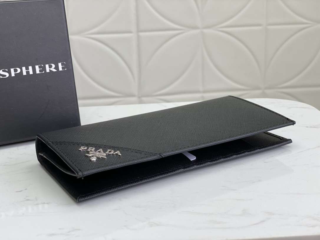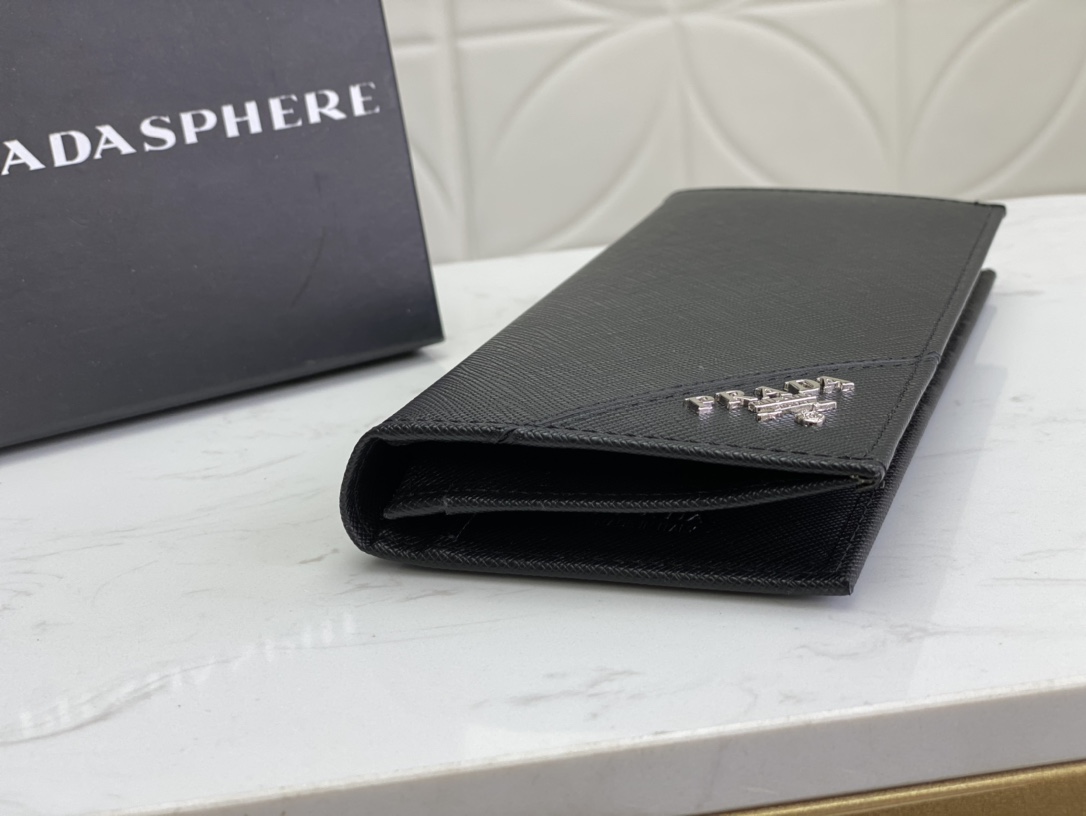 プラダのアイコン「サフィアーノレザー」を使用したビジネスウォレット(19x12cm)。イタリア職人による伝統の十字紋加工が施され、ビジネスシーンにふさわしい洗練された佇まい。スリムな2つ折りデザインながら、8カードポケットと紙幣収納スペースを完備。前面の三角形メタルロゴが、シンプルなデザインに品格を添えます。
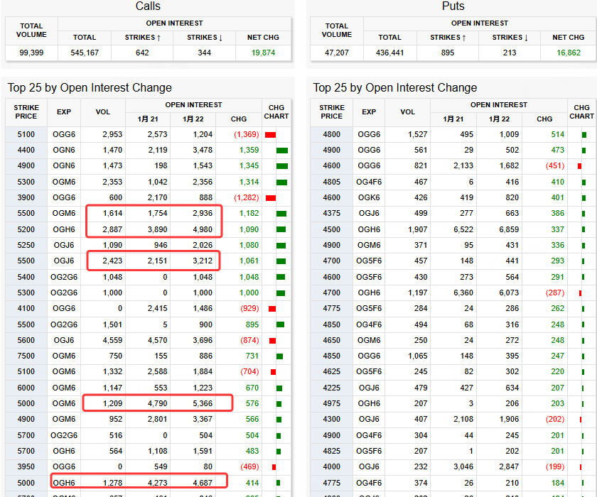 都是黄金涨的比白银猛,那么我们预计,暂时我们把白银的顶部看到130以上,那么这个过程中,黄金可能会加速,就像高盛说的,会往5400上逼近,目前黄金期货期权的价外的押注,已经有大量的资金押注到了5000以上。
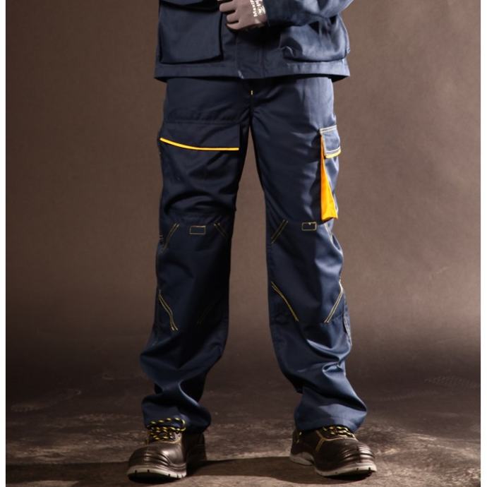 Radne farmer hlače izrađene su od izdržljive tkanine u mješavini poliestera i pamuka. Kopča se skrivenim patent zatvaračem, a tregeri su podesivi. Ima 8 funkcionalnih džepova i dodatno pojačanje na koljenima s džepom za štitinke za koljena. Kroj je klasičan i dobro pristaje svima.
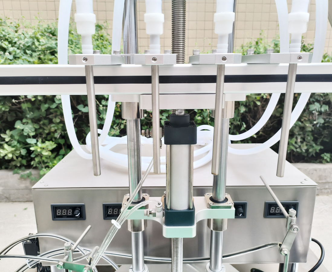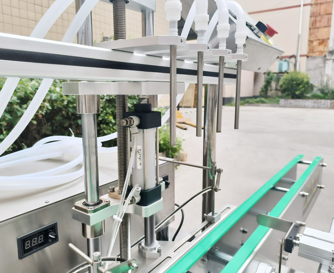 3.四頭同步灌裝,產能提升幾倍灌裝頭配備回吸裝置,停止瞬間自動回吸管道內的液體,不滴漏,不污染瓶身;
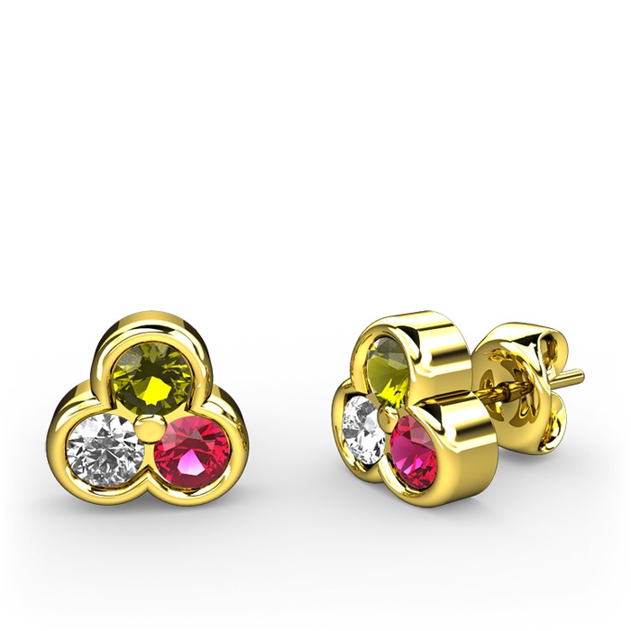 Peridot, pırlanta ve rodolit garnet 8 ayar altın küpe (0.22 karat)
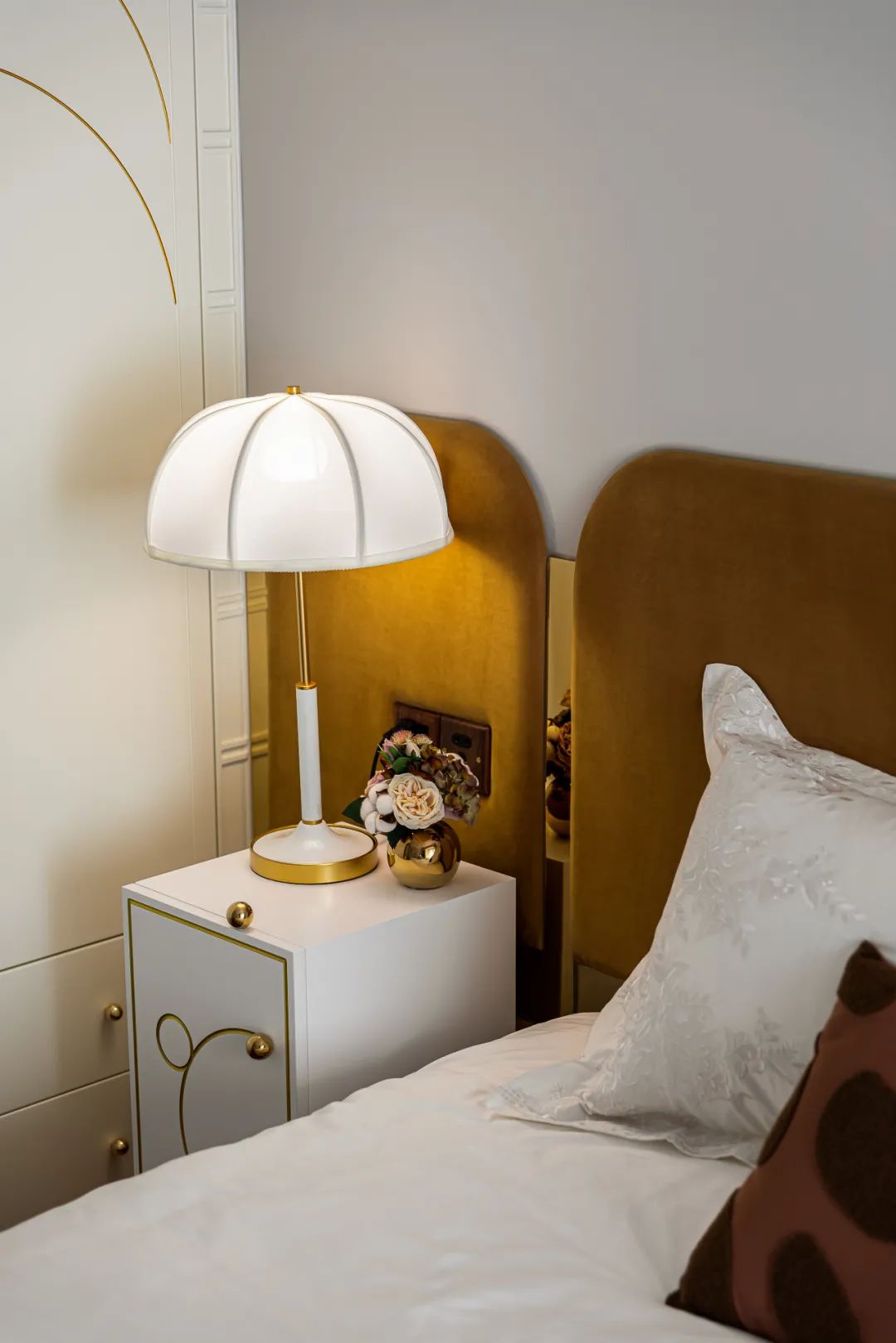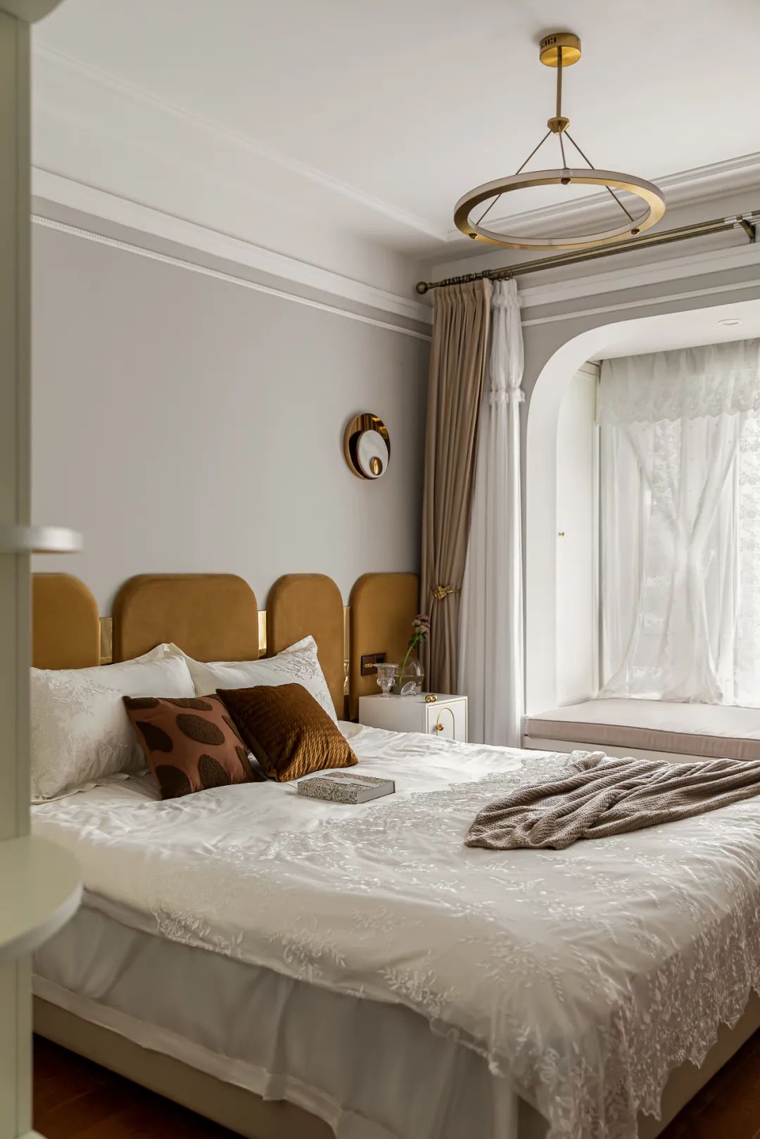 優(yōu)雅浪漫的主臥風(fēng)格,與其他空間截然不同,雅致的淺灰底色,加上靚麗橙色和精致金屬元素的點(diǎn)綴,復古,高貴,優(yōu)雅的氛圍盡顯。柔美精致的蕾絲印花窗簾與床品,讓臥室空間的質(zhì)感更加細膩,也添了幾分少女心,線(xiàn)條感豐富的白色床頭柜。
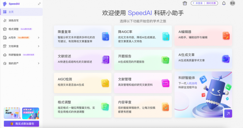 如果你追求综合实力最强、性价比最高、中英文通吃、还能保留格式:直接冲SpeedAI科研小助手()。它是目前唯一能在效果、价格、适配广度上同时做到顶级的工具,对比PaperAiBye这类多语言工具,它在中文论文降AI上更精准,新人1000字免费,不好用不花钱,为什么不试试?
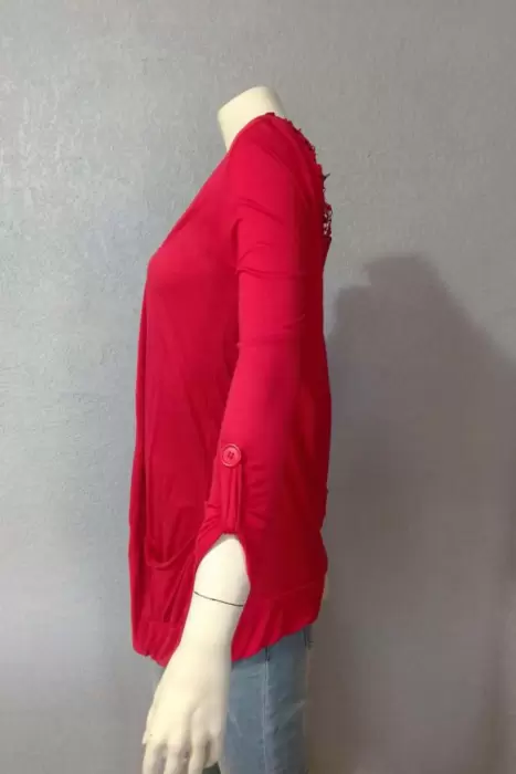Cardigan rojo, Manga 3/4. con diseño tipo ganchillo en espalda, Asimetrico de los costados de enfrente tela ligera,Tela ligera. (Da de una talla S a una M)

=-=-=

TO DO: Leave out the pictures and restate, word for word, the lines from the top of the data through the line containing "都是黄金涨的比白银猛,那么我", both included.

ANSWER SPACE:
 プラダのアイコン「サフィアーノレザー」を使用したビジネスウォレット(19x12cm)。イタリア職人による伝統の十字紋加工が施され、ビジネスシーンにふさわしい洗練された佇まい。スリムな2つ折りデザインながら、8カードポケットと紙幣収納スペースを完備。前面の三角形メタルロゴが、シンプルなデザインに品格を添えます。
 都是黄金涨的比白银猛,那么我们预计,暂时我们把白银的顶部看到130以上,那么这个过程中,黄金可能会加速,就像高盛说的,会往5400上逼近,目前黄金期货期权的价外的押注,已经有大量的资金押注到了5000以上。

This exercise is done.